“Moana” Review

Rating out of 5:

figments 4 brain

Before I begin my review of Disney’s Moana, I have to provide a quick personal disclaimer: I’d be incapable of not liking a film sharing my mom’s name (grandma did Anthropology grad work in Tahiti) and staring a gutsy, water-savvy girl who grew up on an island in the Pacific (I did too, though it was rather colder). With that in mind, proceed to the regularly scheduled feel good family story and anthropomorphized sea life.

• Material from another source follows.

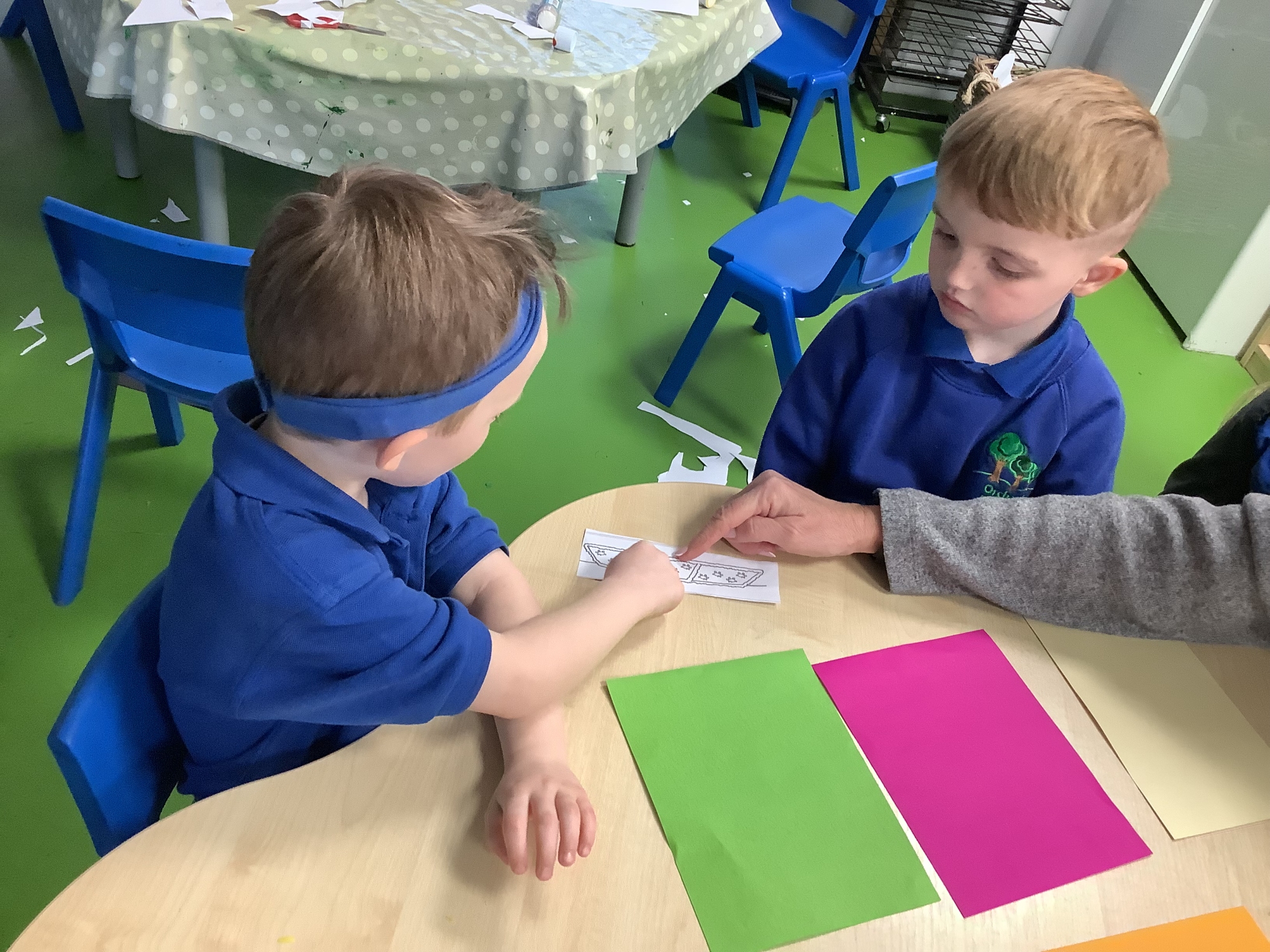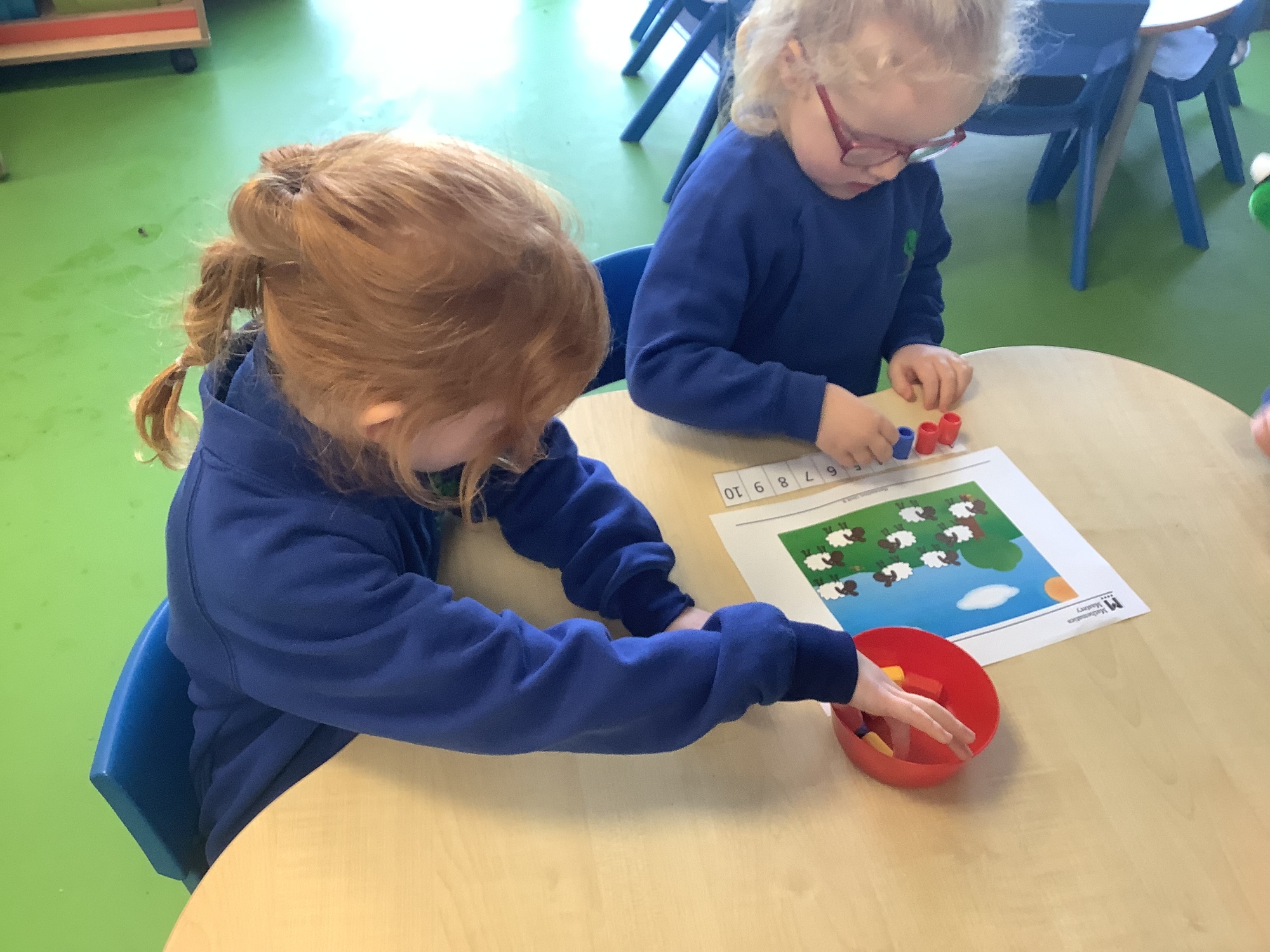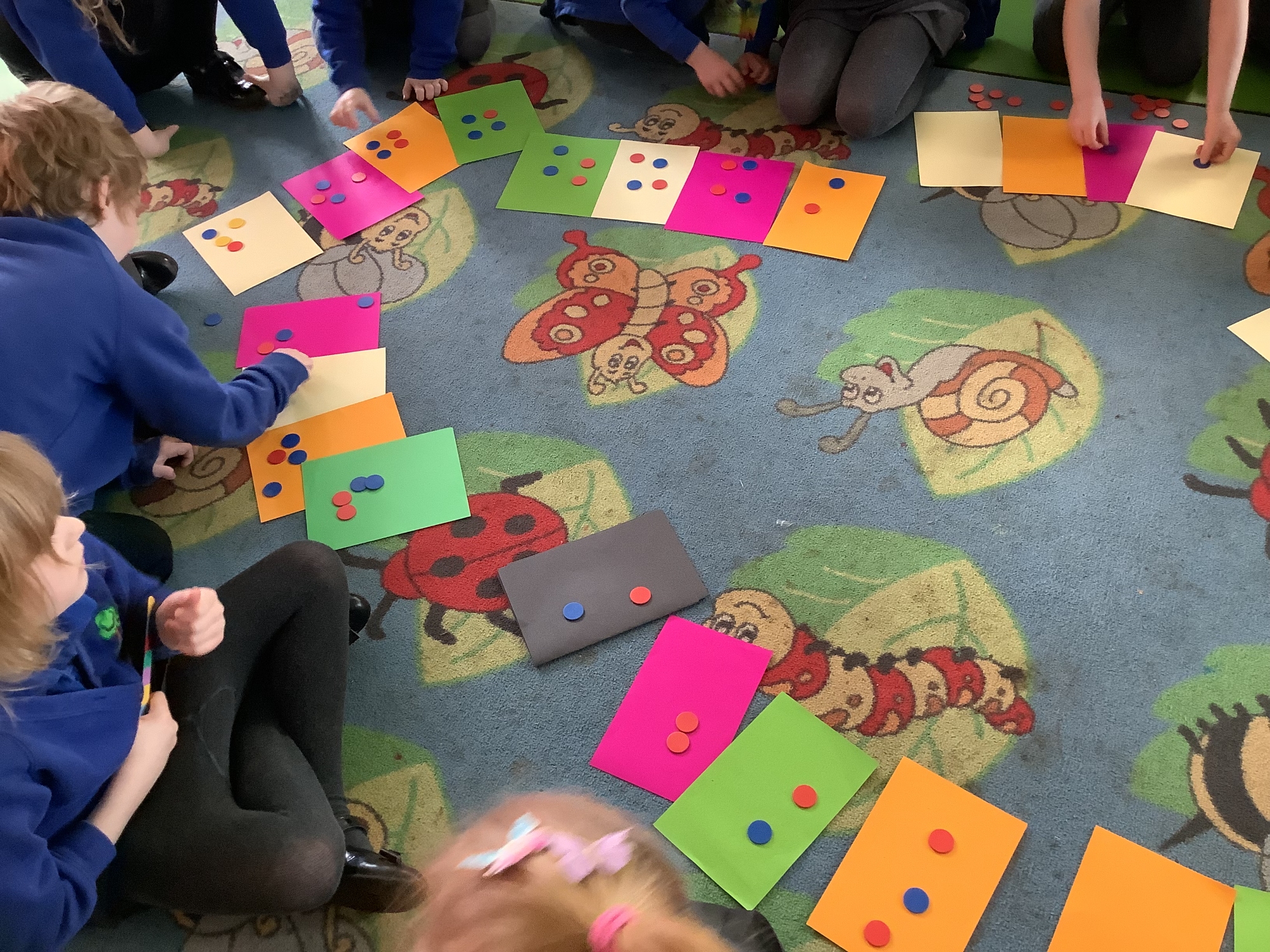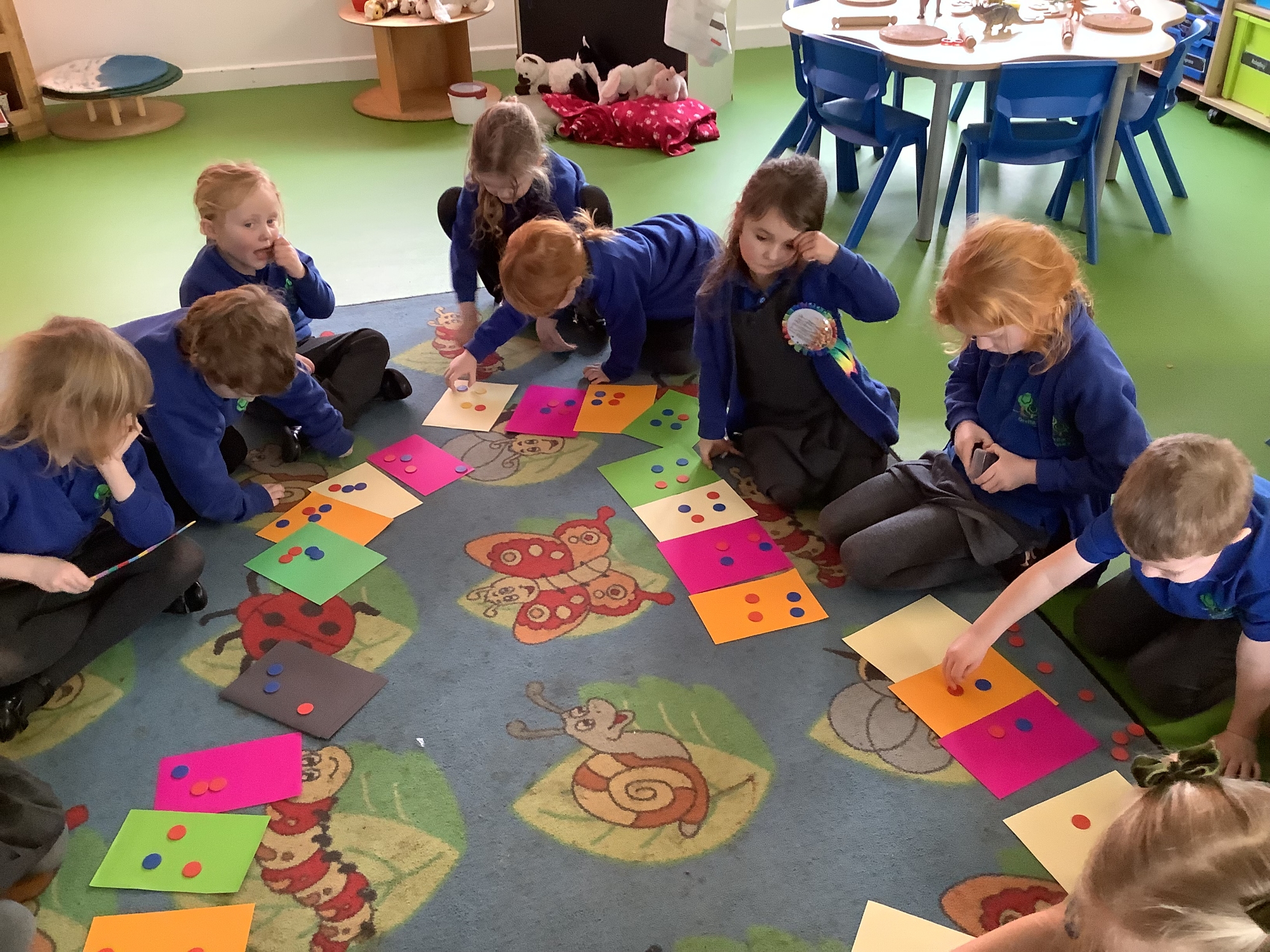 In Maths this week, we have been learning about sharing equally. At Old MacDonald's farm, we had to share the sheep equally between the fields. We used coloured paper to represent the fields and counters to represent the sheep. We worked out how many sheep are in each field.

The film follows Moana (named after a Polynesian word for ocean, and voiced by Auli’i Cravalho) on her quest to locate the pan-Pacific cultural hero Maui (Dwayne Johnson) and return the heart of the island goddess Te Fiti, a magical stone with the power to create life. Along the way to saving her people and understanding her own place in the world, she must overcome a host of obstacles, mythological and mundane, including the fire demon Ta Ka, her father’s insular outlook, and her own self doubts.

From casting a native Hawaiian actress to play the heroine to the ubiquitous vivid and surprisingly accurate representations of ancient Polynesian sailing, Moana does many things right. Some of its best elements include a Deadpool-esque sense of self-awareness (Maui calls Moana a princess at one point–when she denies it, he quips she must be one since she has a comedic animal sidekick) and Hamilton-creator Lin-Manuel Miranda’s catchy vocal numbers (especially Maui’s “You’re Welcome”), which are sure to be stuck in the collective head of popular culture for some time to come. Maui’s wonderfully animated and often opinionated tattoos are worth seeing the film by themselves, as they morph and merge to illustrate flashback information and convey character development.

The movie’s few pitfalls mostly come from a misplaced sense of pluralism. The audience is presented with too many potential charismatic animal companions: the baby turtle Moana saves at the beginning is never heard from again, an adorable piglet briefly takes its place, and the writers finally settle on a moronic if strangely endearing rooster (or as one of the directors put it, “the dumbest character in the history of Disney animation”). Decide already, Disney!

On a grander scale, the film’s attempts at Polynesian mythological synthesis see the rich legendary background traditions sometimes acknowledged in motif, but more often obscured by a formulaic kids’ plot. Why not incorporate the Maori creator deities Rangi and Papa instead of Te Fiti? Hawaii’s volcano goddess Pele instead of Ta Ka, or her sister the sea deity Namaka instead of a generically personified ocean? Or the octopus monster Rogo-Tumu-Here from Tuamotu legends instead of the thieving crab Tamatoa?

Moana borrows from Frozen to some degree, but surpasses the latter’s notable ideas. Where Frozen exposes its love interest as secretly evil all along and resorts to sisterly solidarity, Moana dispenses with a romantic subplot entirely. Instead of letting the movie float along for a while without a central conflict before hurriedly shoehorning in a generic bad guy in the last 15 minutes, Moana’s consistent pace supports its rising action to the end, when the film reveals its villain was hardly what/who it seemed. In fact, ultimately there is no villain, except, in a thoroughly welcome turn… human-induced climate change.

A journey of self-discovery, strong environmentalist themes, and Lin-Manuel Miranda in one package. What’s not to like?